2. The method as recited in claim 1, wherein, starting from at least one iteration of the iterative block, a proportion of between 1% and 20% of the parameters which characterize the behavior of the layers in the iterative block, are changed during the switch to a next iteration.
3. The method as recited in claim 2, wherein the proportion is between 1% and 15%.
4. The method as recited in claim 1, wherein a first portion of the parameters is changed during a first switch between iterations and a second portion of the parameters is changed during a second switch between iterations, the second portion not being congruent with the first portion.
5. The method as recited in claim 1, wherein the parameters are stored in a memory, in which each write operation physically acts upon memory locations of multiple parameters and, starting from at least one iteration, all parameters, whose memory locations are acted upon by at least one write operation, are changed during the switch to the next iteration.
6. The method as recited in claim 1, wherein the parameters are coded in electrical resistance values of memristors or of other memory elements, whose electrical resistance values are changeable in a non-volatile manner using a programming voltage or a programming current.
7. The method as recited in claim 1, wherein the ANN is selected, which processes inputs initially including multiple convolution layers and ascertains from a result obtained with at least one further layer as output at least one classification score relating to a predefined classification, and the iterative block is established in such a way that the iterative block includes at least a portion of the convolution layers.
8. The method as recited in claim 7, wherein image data and/or time series data are selected as the inputs of the ANN.
9. The method as recited in claim 1, wherein the mapping of the input of the iterative block onto the output includes adding up using analog electronics, inputs in a weighted manner, which are fed to neurons and/or to other processing units in the iterative block.

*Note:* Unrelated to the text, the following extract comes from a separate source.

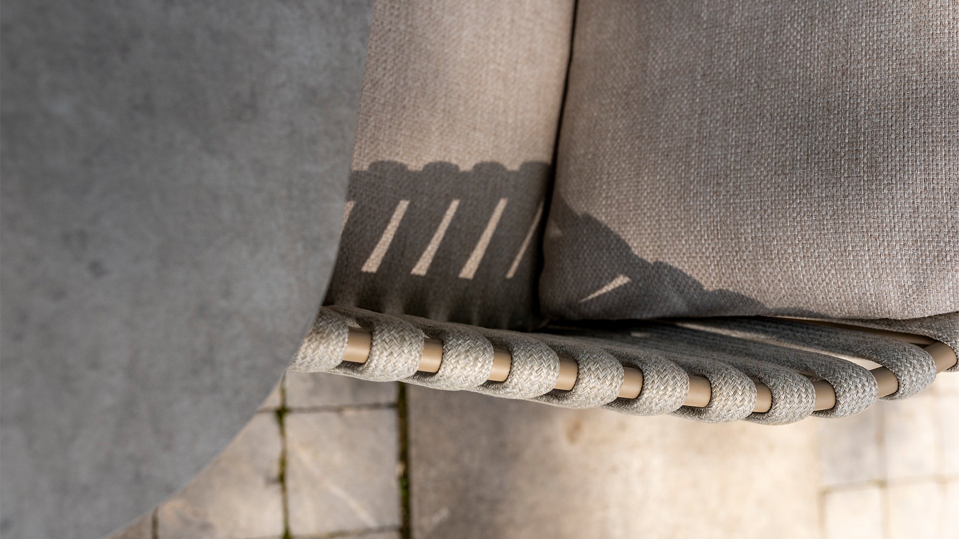 This beautiful material is perfect for outdoor use, because Taste Rope isn't just any shoelace. Taste uses very high-quality rope made from 100% SDP (Solution Dyed Polypropylene). This material is extremely strong and has very little stretch. Polypropylene is oil-based, so dirt and contaminants are virtually insoluble, just like our cushions. Taste offers exclusive designs using hand-woven rope patterns and techniques.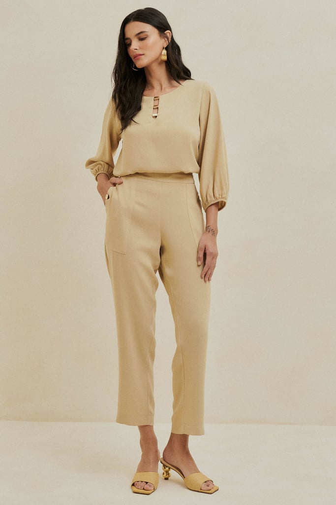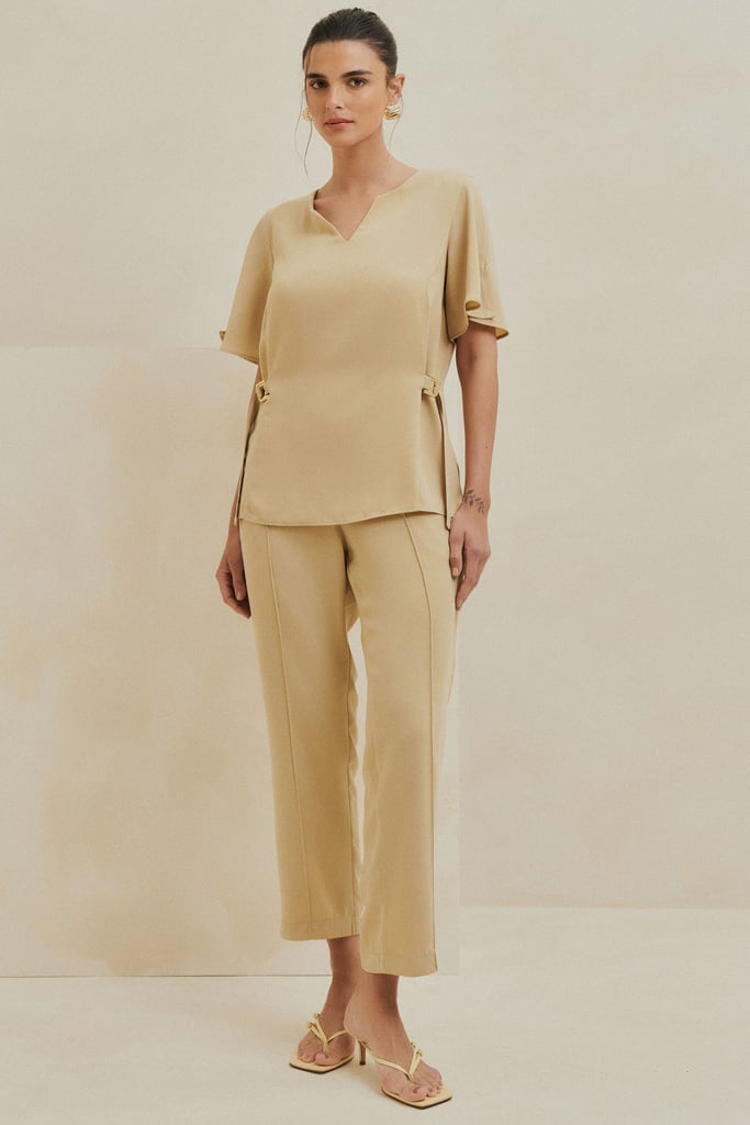Conjunto em Crepe com Detalhes de Fivela Areia

10. A method for training an artificial neural network (ANN), comprising the following steps:
providing learning inputs and associated learning outputs onto which the ANN is to map in each case the learning inputs;
mapping the learning inputs by the ANN onto outputs;
assessing a deviation of the outputs from the learning outputs, using a predefined loss function; and
optimizing parameters which characterize a behavior of layers in an iterative block of the ANN, including changes of the parameters during switches between the iterations, to the extent that during further processing of learning inputs by the ANN, the assessment is likely improved using the loss function.
11. The method as recited in claim 10, wherein the loss function contains a contribution, which is a function of the number of the parameters changed during the switch between iterations, of a rate of change of the changed parameters and/or of an absolute or relative change across all parameters.
12. The method as recited in claim 10, wherein simultaneously to and/or in alternation with the parameters, which characterize the behavior of the layers in the iterative block, further parameters, which characterize behavior of further neurons and/or of other processing units of the ANN outside the iterative block, are also optimized using the loss function for a likely better assessment.
13. A control unit for a vehicle, comprising:
an input interface, which is connectable to one or to multiple sensors of the vehicle;
an output interface, which is connectable to one or to multiple actuators of the vehicle;
an artificial neural network (ANN) configured to be involved in processing of measured data obtained via the input interface from the one or more sensors to form an activation signal for the output interface, wherein at least one iterative block is established within the ANN made up of one or multiple layers, which is to be implemented multiple times, and a number J of iterations is established for which the iterative block is at most to be implemented;
wherein the iterative block is configured to map an input of the iterative block is mapped by the iterative block onto an output;
wherein the output is fed to the iterative block as input and which again maps onto a new output; and
once the iterations of the iterative block are completed, the output supplied by the iterative block input is fed to a layer of the ANN following the iterative block, or the output supplied by the iterative block is provided by the iterative block as output of the ANN;
wherein a portion of parameters, which characterize a behavior of the layers in the iterative block, is changed during switches between the iterations, for which the iterative block is implemented.
14. A non-transitory machine-readable data medium on which is stored a computer program for operating an artificial neural network (ANN), which processes inputs in a sequence of layers to form outputs, the computer program, when executed by one or more computers, causes the one or more computers to perform the following steps:
establishing, within the ANN, at least one iterative block, made up of one or of multiple layers, which is to be implemented multiple times;
establishing a number J of iterations, for which the iterative block is at most to be implemented;
mapping, by the iterative block, an input of the iterative block onto an output;
feeding the output to the iterative block as input and again mapping by the iterative block onto a new output; and
feeding, once the iterations of the iterative block are completed, the output supplied by the iterative block input to a layer of the ANN following the iterative block, or providing the output supplied by the iterative block as output of the ANN;
wherein a portion of parameters, which characterize a behavior of the layers in the iterative block, is changed during switches between the iterations, for which the iterative block is implemented.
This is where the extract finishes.